Williams v. Williams

11 N.Y.S. 753 | N.Y. Sup. Ct. | 1890

O’Brien, J.

If the facts stated in the complaint were sufficient to constitute a cause of action as against the defendant, I am of opinion that the demurrer to the ninth and tenth defenses is well taken. As to the ninth paragraph of the answer, it does not tend to defeat or diminish plaintiff’s recovery, and therefore is not of the character specified in section 501 of the Code. Ho debt or amount whatever could impair plaintiff’s recovery, for the judgment he demands comprehends the whole estate, of which a debt due the estate from himself or any one else is a part. The tenth count in the answer does not state a counter-claim or defense. The facts stated do not constitute an estoppel against plaintiff, nor is it there alleged that he has released the estate from his claim, nor that his accounting before the surrogate bars his suit as res adjudícala. It might well be that these matters, if admitted as evidence, might have a tendency to show the reason for, and the improbability of, the present claim made by plaintiff, but as a defense, this count is clearly insufficient.

It has been settled, however, that upon the argument of a demurrer to an answer the defendant may raise the objection that the complaint itself does not state facts sufficient to constitute a cause of action, and such an objection, if well taken, is not only a complete answer to the demurrer, but should result in the dismissal of the complaint. In People v. Booth, 32 N. Y. 397, it was said: “On demurrer to an answer for insufficiency, the defendants are at liberty to attack the complaint upon the ground that it does not state facts sufficient to constitute a cause of action. ” See, also, Wilmore v. Flack, 16 Wkly. Dig. 236; Parsons v. Hayes, 50 N. Y. Super. Ct. 29; Graham v. Dunnigan, 6 Duer, 629.

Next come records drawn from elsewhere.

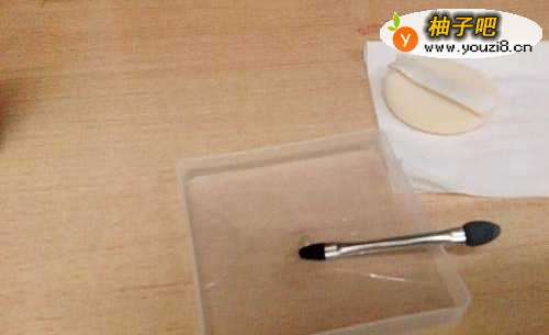 2用化妆水清分别洗眼影棒、粉扑和粉刷,洗掉附在工具上的残粉
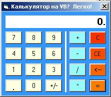 "Увидим" же программный код! При определении чего нам надо, будем исходить только из того какие элементы управления у пользователя "в руках", зачем ему нужен калькулятор и тех выкладок, которые мы с лёгкостью проделали в предыдущем шаге! А потребуется нам из того богатого ассортимента возможностей, который предоставляет VB всего-то несколько операторов, функций, свойств и событий известных объектов да понять какие управляющие переменные создать, каков их тип.
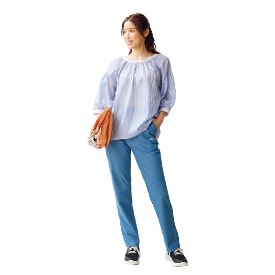 デニム見えしてのびのび動ける!汗ムレしにくい綿混ニット。
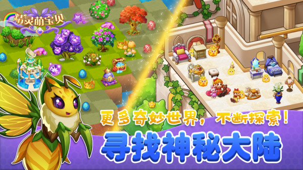 《精灵萌宝贝》是一款融合解谜休闲解压合成类型手游。孵化、融合和进化精灵来拯救精灵世界!收集精灵,消除诅咒并治愈花园,去发现奇迹探索上古神秘精灵!需要玩家去探索无尽的魔法融合之谜和完成传说解谜挑战任务!不断的收集融合游戏内物品和进化精灵,便可以发展和恢复你的花园!
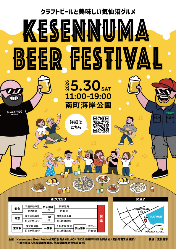 気仙沼発のクラフトビール「BLACK TIDE BREWING」のビールや、気仙沼のおいしいグルメを楽しめるイベント「KESENNUMA BEER FESTIVAL 2026」。スパイス香る料理やジューシーな焼き物、気仙沼ならではの海の幸を使ったメニューなどのビールに合うフードのほか、スイーツなど、バラエティ豊かなメニューが大集合!気仙沼のビアフェスで、わいわい楽しく盛り上がりましょう。
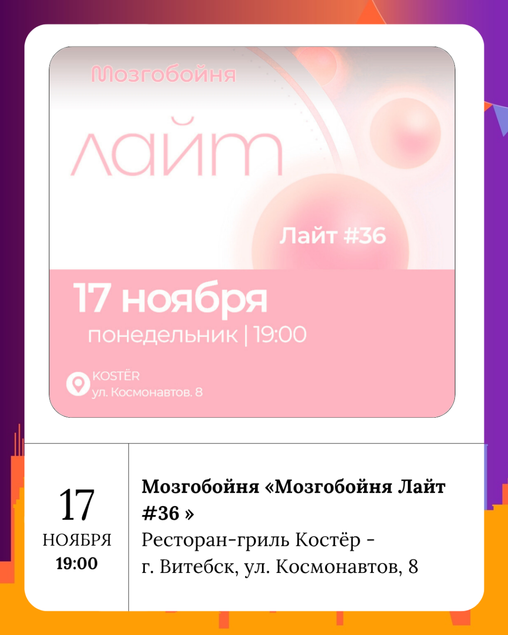 Не обойдем вниманием и Мозгобойню. Здесь сегодня Мозгобойня Лайт #36 — улётная игра для новичков и не только для них, а в четверг - Туц Туц Квиз #152 — классическая музыкальная игра с треками всех жанров и эпох.
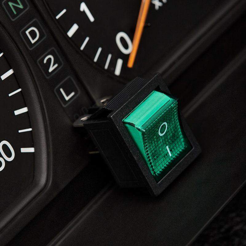 Клавишный выключатель ON-OFF предназначен для коммутации электрических цепей. Используется для включения и выключения различного электрооборудования: сетевых фильтров и удлинителей, звукового оборудования, электроустановок на производстве и в автомобиле. Имеет два положения: принцип работы основан на перемещении клавиши в одну из позиций. Для переключения требуется приложить некоторое усилие. Клавиша зеленого цвета оснащена подсветкой, которая помогает отслеживать рабочее состояние прибора и делает выключатель заметным в темноте. Монтаж осуществляется без применения винтов на плоских панелях толщиной от 0,8 до 3 мм. Контакты подключаются либо плоской клеммой, либо с помощью пайки. Предельное напряжение: 1500 В (АС) не более 1 минуты. Контактное сопротивление: не более 35 мОм.
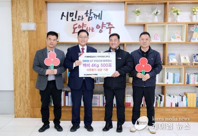 (케이엠뉴스) 양주시가 지난 14일 시장실에서 ㈜북부종합상사 타이어프로로부터 이웃돕기 성품으로 백미 4kg 500포(800만 원 상당)를 기탁받았다.

The objection having been taken, therefore, the question is presented whether the action is properly brought against, the defendant as administratrix. The complaint alleges that for a consideration the intestate agreed that, should he die without wife or children, he would leave the income of his estate to his mother for life, and the whole estate upon her death, or, if she did not survive him, to the plaintiff, were he then living, otherwise to plaintiff’s children; that he died without wife or children, but did not fulfill his agree*756ment. Wherefore judgment is prayed for that the terms of the agreement be carried out.. It will thus be seen that this action is brought to recover, not a part, but the entire estate, consisting, as it may, for aught that appears in the complaint, of both real and personal property within this state. Such an action is not intended to affect the administration, but the distribution, of the estate. It is not a claim against, but to, the estate. In effect it is asking the court to make a will which, it is alleged, the decedent promised and failed to make. It seems reasonably free from doubt that .in such an action, the heirs at law and next of kin, and not the administratrix, are the real parties in interest, and therefore it should be as against them that the plaintiff should assert his claim. The complaint states a cause of action, therefore, which is good as against the heirs and next of kin, but which is bad as against the present defendant, whp is sued as administratrix. While, therefore, the plaintiff’s demurrer would have been sustained to the ninth and tenth defenses, there should be judgment for the defendant dismissing the complaint for a failure to state facts sufficient to constitute a cause of action, but with leave to serve an amended complaint upon payment of costs.